Since [tex]M[/tex] is closed, you can use the divergence theorem: The flux of [tex]\vec E(x,y,z)[/tex] across [tex]M[/tex] is
[tex]\displaystyle\iint_{\partial M}\vec E\cdot\mathrm d\vec S=\iiint_M(\nabla\cdot\vec E)\,\mathrm dV=54\iiint_M\mathrm dV[/tex]
which is 54 times the volume of the hemisphere centered at (0, 0, 0) with radius 1, [tex]\boxed{36\pi}[/tex].
Judging by the question content, you're supposed to find this value by computing the the integral of [tex]\vec E[/tex] across [tex]M_1[/tex] and [tex]M_2[/tex].
Parameterize the hemisphere by
[tex]\vec r(u,v)=(\cos u\sin v,\sin u\sin v,\cos v)[/tex]
with [tex]0\le u\le2\pi[/tex] and [tex]0\le v\le\frac\pi2[/tex]. Take the normal vector to [tex]M_1[/tex] to be
[tex]\dfrac{\partial\vec r}{\partial v}\times\dfrac{\partial\vec r}{\partial u}=(\cos u\sin^2v,\sin u\sin^2v,\sin v\cos v)[/tex]
The flux of [tex]\vec E[/tex] across [tex]M_1[/tex] is
[tex]\displaystyle\iint_{M_1}\vec E\cdot\mathrm d\vec S=18\int_0^{\pi/2}\int_0^{2\pi}(\cos u\sin v,\sin u\sin v,\cos v)\cdot\left(\dfrac{\partial\vec r}{\partial v}\times\dfrac{\partial\vec r}{\partial u}\right)\,\mathrm du\,\mathrm dv[/tex]
[tex]=\displaystyle18\int_0^{\pi/2}\int_0^{2\pi}\sin v\,\mathrm du\,\mathrm dv=36\pi[/tex]
Parameterize the disk by
[tex]\vec s(u,v)=(u\cos v,u\sin v,0)[/tex]

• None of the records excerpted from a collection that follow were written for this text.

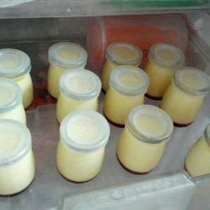 烤箱160度预热十分钟左右,烤盘加入五十度左右的热水,高度两厘米淹没瓶底。玻璃瓶放上烤盘入烤箱一百六十度烤制三十分钟。液体凝固,用力摇晃瓶子不流动轻微抖动说明烘烤成功。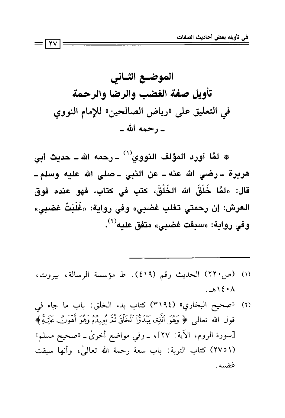* لمَّا أورد المؤلف النووي (¬1) - رحمه الله - حديث أبي هريرة -رضي الله عنه - عن النبي - صلى الله عليه وسلم - قال: "لمَّا خَلَقَ الله الخَلْقَ، كتب في كتاب، فهو عنده فوق العرش: إن رحمتي تغلب غضبي" وفي رواية: "غَلَبَتْ غضبي" وفي رواية: "سبقت غضبي" متفق عليه (¬2).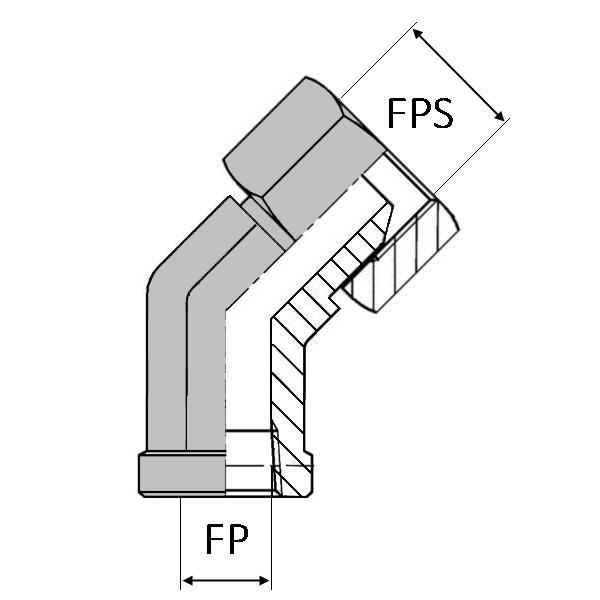 Coude 45° femelle NPT x femelle tournant NPSM (cylindrique) - Cône 60° - NPT-CFFNPSM40202 - Ø FP 1/8' - Ø FPS 1/8'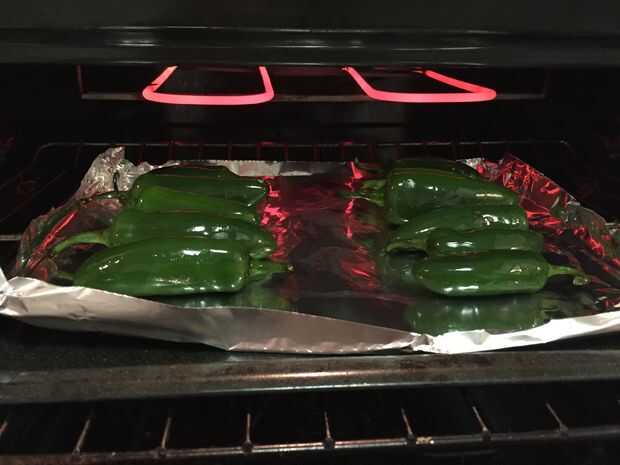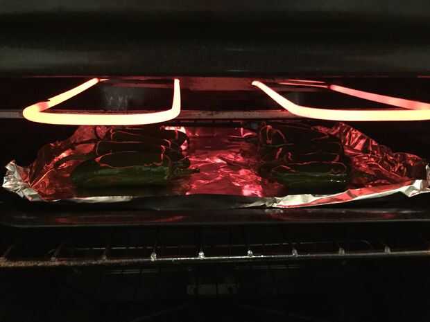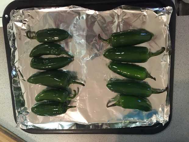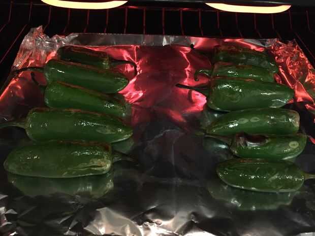 En el horno que desea poner la parrilla hasta la posición más alta y gire el horno para asar. Queremos asar los Jalapeños y ver ese gran oscuro tostado. Se ven casi quemadas, sino que es lo que vamos.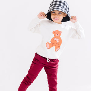 Bear Holding Heart Valentines Day Kids sweatshirt : Grey / 5/6 T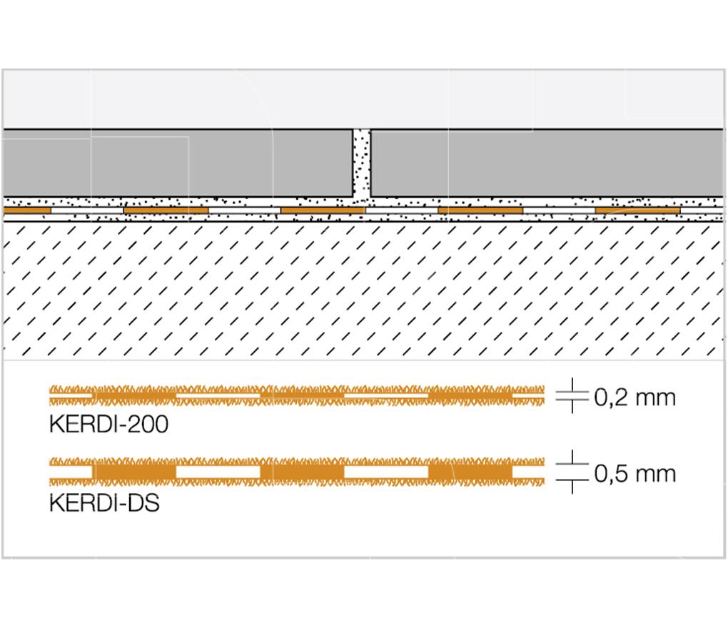 - KERDI-DS is een afdichtingsmat en dampscherm. Dikte 0,5 mm voor gebruik in zwembaden en wellness omgevingen of voor industriële omgevingen met verhoogde luchtvochtigheid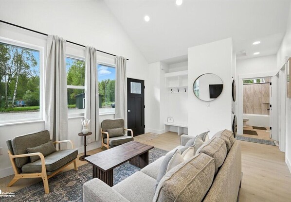 My friend and I stayed in Unit B. It was beautiful, clean, and well located for our adventures. It was well stocked with pans, dishes, hair dryer, and other basics plus some thoughtful items. The two bedrooms plus 1 full bathroom and 1 half bathroom were perfect for us. I loved the high ceilings, the calm color scheme, and the kitchen with the big dining island was gorgeous. There is even a washer and dryer. The host was very responsive and communicated well. We will definitely stay here when we visit our Palmer friends again.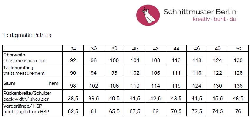 als Einzel- und Mehrgrößenschnitt von 34-50.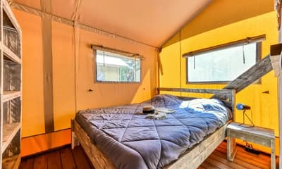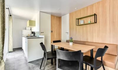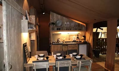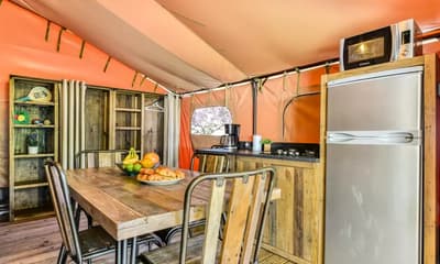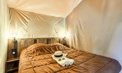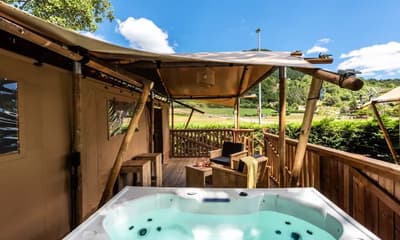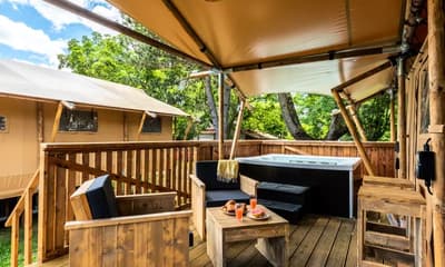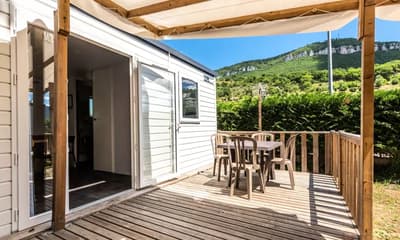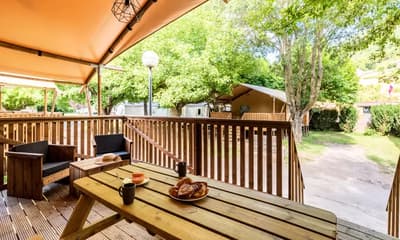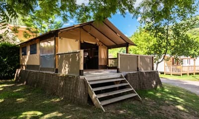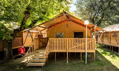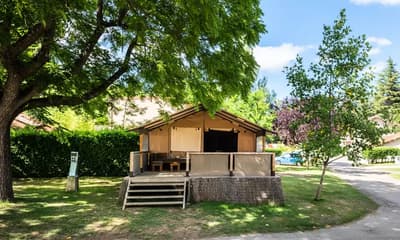 A vous la vie au vert ! Ici vous êtes au cœur du Parc naturel régional des Grands Causses. Autour de vous, des villages de caractère qui se fondent dans les paysages minéraux, sans rien dénaturer. A commencer par La Couvertoirade, village templier du Larzac, classé parmi les « plus beaux de France ». Mais aussi La Roque-Sainte-Marguerite, Saint-Véran ou Cantobre dans les gorges de la Dourbie. Quant à Montredon, il faut le découvrir à l'occasion des marchés nocturnes d’été. Bref, vous êtes loin de l’agitation urbaine et de la vie de bureau ! Ça se sent et ça se voit dès que vous posez bagages et sacs à dos près de votre tente, lodge ou mobil home. Arbres, buissons, sous-bois délimitent les espaces entre les habitations de chacun. Des allées, bien dessinées, permettent de vite trouver vos repères dans le camping. Vous rejoignez ainsi facilement la piscine XXL ou le solarium. A vous le farniente, la détente, le « no stress ». Même scénario sur votre terrasse ombragée : le bon spot pour chiller, faire la sieste ou une pause-café. Enfin, à ne pas manquer à l’heure de l’apéro : l’AOP Côtes de Millau à déguster au bar, pourvu d’une excellente cave à vins !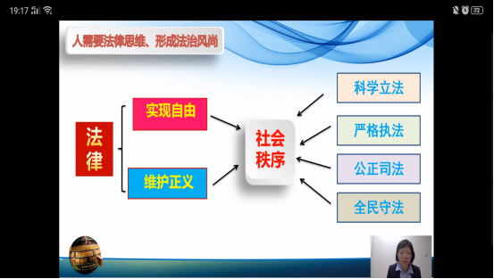 赵丹老师第一部分为大家介绍了人需要法律思维、形成法治风尚。从人的无知性、利己性、随意性三个角度分析人在现实生活中社会分工、互相不信任、不能自律权利边界三个社会现实,以此来为大家讲解设立制度和法律的必要性。法律的意义就在于实现自由和维护正义,从而维护社会秩序,国家应该做到科学立法、严格执法、公正司法和全民守法,公民通过牢记国家宪法日来尊重法律和遵守法律,形成法治思维。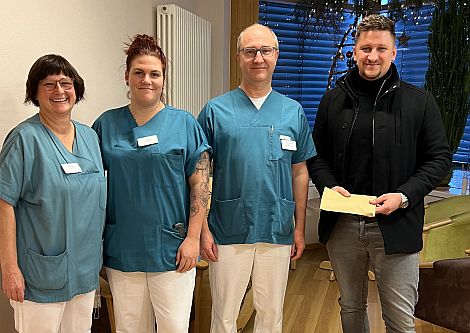 Chefarzt Dr. Jörg Filitz und Stationsleiterin Lisa Siegert bedankten sich beim Spender. Mit dem Geld sollen spezielle pflegerische Hilfsmittel, wie zum Beispiel ein Rollstuhl oder eine Aufstehhilfe zügig beschafft werden können.

with [tex]0\le u\le1[/tex] and [tex]0\le v\le2\pi[/tex]. Take the normal to [tex]M_2[/tex] to be
[tex]\dfrac{\partial\vec s}{\partial v}\times\dfrac{\partial\vec u}{\partial v}=(0,0,-u)[/tex]
Then the flux across [tex]M_2[/tex] is
[tex]\displaystyle\iint_{M_2}\vec E\cdot\mathrm d\vec S=18\int_0^{2\pi}\int_0^1(u\cos v,u\sin v,0)\cdot\left(\frac{\partial\vec s}{\partial v}\times\frac{\partial\vec s}{\partial u}\right)\,\mathrm du\,\mathrm dv=0[/tex]
Then the total flux across [tex]M[/tex] is [tex]36\pi[/tex], as expected.